I am trying to solve the problem with reading .ARM.ex* tables and I have achieved some results. It is possible to obtain info in the format like: 
STACK CFI INIT 44f8 114 .cfa: sp .ra: sp 20 + 4 + 4 + 4 + 4 + 4 + 4 + 4 + 4 + ^ lr: sp 20 + 4 + 4 + 4 + 4 + 4 + 4 + 4 + 4 + ^

So, to obtain sp in previous stack frame (from lines (44f8 - 44f8+114)) it is necessary to read info from [sp + 52]. But I can't understand how the Valgrind works with DebugInfo and how to generate fake CFI info based on these rules. Could somebody help me with understanding the DiCfSI format for my case?

Vasily
Comment 19 Vasily 2012-12-19 15:07:39 UTC
Hello,

During my investigation I have found that it is possible to switch on this string 
"if (0/*DISABLED BY DEFAULT*/ && do_stack_scan && i < max_n_ips && i <= 2) {" 
in coregrind/m_stacktrace.c and obtain good back trace on ARM. Why this procedure is /*DISABLED BY DEFAULT*/ ?
Maybe it is possible to read in details about the unwinding performed by this procedure somewhere? Any links will be good.

Best regards,
Vasily Golubev
Comment 20 Vasily 2013-01-10 09:16:20 UTC
Created attachment 76362 [details]
Path for switching on manual unwinding

This patch adds two more parameters for Valgrind. Now it is possible to switch on manual unwinding. It can significantly improve stack trace if we have not debug info in binary.
Comment 21 Eero Tamminen 2013-04-29 15:42:22 UTC
(In reply to comment #19)
> Why this procedure is /*DISABLED BY DEFAULT*/ ?
> Maybe it is possible to read in details about the unwinding performed by
> this procedure somewhere? Any links will be good.

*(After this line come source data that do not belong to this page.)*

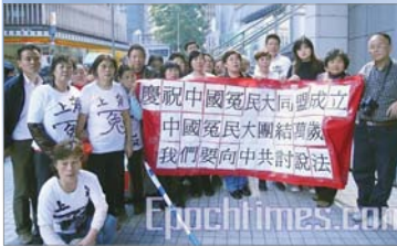
中国冤民大同盟成员纷纷三退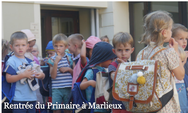
Rentrée du Primaire à Marlieux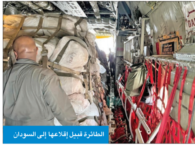
الطائرة قبيل إقلاعها إلى السودان

قبيل إقلاع الطائرة من قاعدة عبدالله المبارك الجوية، إنها تحمل على متنها 150 خيمة إيواء وتأتي كسابقاتها لتخفيف معاناة النازحين جراء النزاعات المستمرة هناك والكوارث الطبيعية متمثلة بسيلول وفيضانات ضربت شمال السودان وأدت لمئات الضحايا والمصابين وتشريد الآلاف، بعد أن دمرت منازلهم قبل نحو من أسبوعين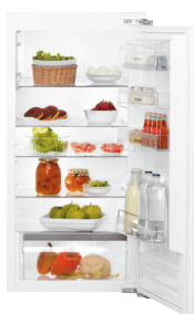
KRIE 1122 A++

I took a quick look at that code in Valgrind 3.8.1:
1. first it uses debug info to unwind and only if that didn't given enough info, goes to commented out code you asked about...
2. If linker register points to a different function that the current address (based on symbol table information [1])
3. it checks whether it looks like it could be a valid return address, i.e. is it in executable part of memory, prefixed by a subroutine call [2] and not a duplicate of current address [3]
4. Then it checks every long aligned word [4] pointer in stack to see whether it looked like possible valid return address, until it runs out of current (4KB) stack memory page, or has reported max 5 pointers [5]

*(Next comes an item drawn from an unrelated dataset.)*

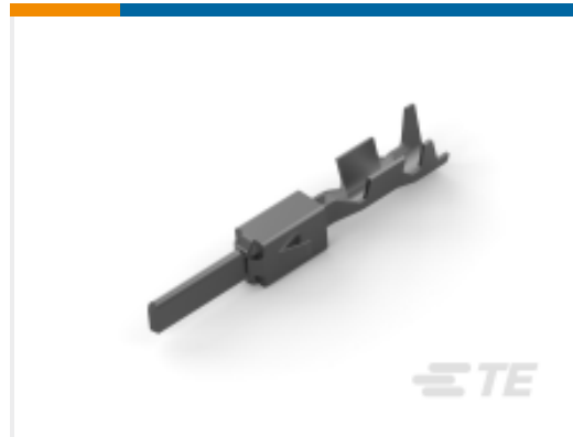
TE 产品编号1-963746-1 SPECIAL TERMINAL 17-13 AWG PTPB LP

[1] Symbol table lists only global / exported function names -> this is 1st limit.  Checking is done by comparing *strings* returned by symbol lookup code elsewhere in Valgrind, but I guess that's peanuts due to need for symbol address lookup -> performance is 2nd limit.

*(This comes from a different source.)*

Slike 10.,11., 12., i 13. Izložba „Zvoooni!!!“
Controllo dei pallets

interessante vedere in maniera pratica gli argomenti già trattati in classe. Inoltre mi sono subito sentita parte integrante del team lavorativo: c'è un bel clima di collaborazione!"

[2] This needs different checks for different arm instructions, Thumb16, Thumb32, ARM32, Jazelle etc.  Not all of them are checked.  -> 3rd limit.

[3] With this check, I don't think it reports recursion -> 4th limit.  I think obvious optimization would be to do that check before function name resolving & string compare,  add function (to debuginfo.c) which returns just symbol addresses and use that to do compares with symbol addresses instead of their name strings.

[4] Hm. Why UWord, why not Addr?
---
         UWord w = *(UWord*)(sp & ~0x3);
         if (looks_like_RA(w)) {
---

[5] I.e. if there's lot of data in stack, or address happened to be close to stack border you may not get much.

All in all, these heuristics are fragile, what you get is pretty little, and based on *guesses*.

My assumption why it's disabled in Valgrind, is wrong information being worse than missing information.

E.g. older Gdb versions reported function names resolved with symbol tables, but because code can have a *huge* amount of non-exported functions between the exported symbol addresses, they can be *completely* misleading.  In newer versions Gdb doesn't anymore present symbol table based "guesses".
Comment 22 Julian Seward 2013-10-18 13:25:06 UTC
(In reply to comment #20)
> Created attachment 76362 [details]
> Path for switching on manual unwinding

Modified version of this patch committed as 13657; thanks for the patch.

Closing this now.  This has actually been tracking multiple separate
issues (excessive mem use for debuginfo, and EXIDX support) and it
would be better to open new bugs for those things separately, if
required.
Comment 23 Julian Seward 2014-09-02 21:40:35 UTC
EXIDX unwind support was added in r14217.